» **ENTRIES SUPPLIED**

|---|

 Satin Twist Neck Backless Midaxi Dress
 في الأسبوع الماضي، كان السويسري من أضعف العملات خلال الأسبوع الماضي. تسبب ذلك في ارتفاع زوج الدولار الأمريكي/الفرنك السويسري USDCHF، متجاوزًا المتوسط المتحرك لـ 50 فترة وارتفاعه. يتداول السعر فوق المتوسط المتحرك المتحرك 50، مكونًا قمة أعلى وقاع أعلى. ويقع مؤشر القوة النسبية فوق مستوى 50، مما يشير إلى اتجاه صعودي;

|---|

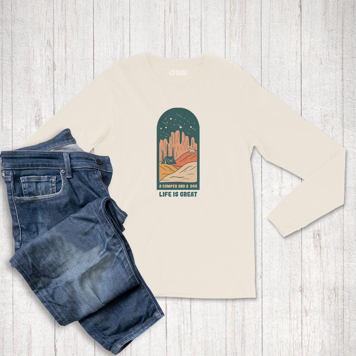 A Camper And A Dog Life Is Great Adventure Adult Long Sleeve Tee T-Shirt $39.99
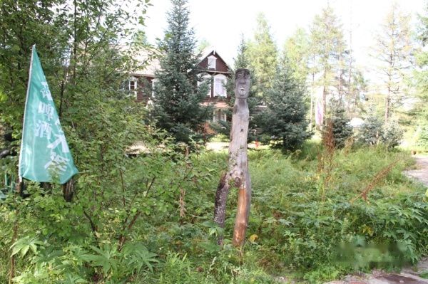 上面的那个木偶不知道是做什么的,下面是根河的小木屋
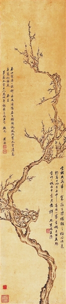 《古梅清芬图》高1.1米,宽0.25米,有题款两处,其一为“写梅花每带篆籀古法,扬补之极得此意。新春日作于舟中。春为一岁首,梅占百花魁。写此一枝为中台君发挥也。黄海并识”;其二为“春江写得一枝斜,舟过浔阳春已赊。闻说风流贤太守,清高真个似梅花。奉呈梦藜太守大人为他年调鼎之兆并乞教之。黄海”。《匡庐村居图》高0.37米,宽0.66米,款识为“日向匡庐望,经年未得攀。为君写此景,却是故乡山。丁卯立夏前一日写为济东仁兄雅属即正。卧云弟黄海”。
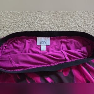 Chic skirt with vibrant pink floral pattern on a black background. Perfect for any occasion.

|---|

The answer must be the lines above from the one containing "A Camper And" through the one containing "Chic skirt with", reproduced exactly, with no pictures and nothing else.

 A Camper And A Dog Life Is Great Adventure Adult Long Sleeve Tee T-Shirt $39.99
 上面的那个木偶不知道是做什么的,下面是根河的小木屋
 《古梅清芬图》高1.1米,宽0.25米,有题款两处,其一为“写梅花每带篆籀古法,扬补之极得此意。新春日作于舟中。春为一岁首,梅占百花魁。写此一枝为中台君发挥也。黄海并识”;其二为“春江写得一枝斜,舟过浔阳春已赊。闻说风流贤太守,清高真个似梅花。奉呈梦藜太守大人为他年调鼎之兆并乞教之。黄海”。《匡庐村居图》高0.37米,宽0.66米,款识为“日向匡庐望,经年未得攀。为君写此景,却是故乡山。丁卯立夏前一日写为济东仁兄雅属即正。卧云弟黄海”。
 Chic skirt with vibrant pink floral pattern on a black background. Perfect for any occasion.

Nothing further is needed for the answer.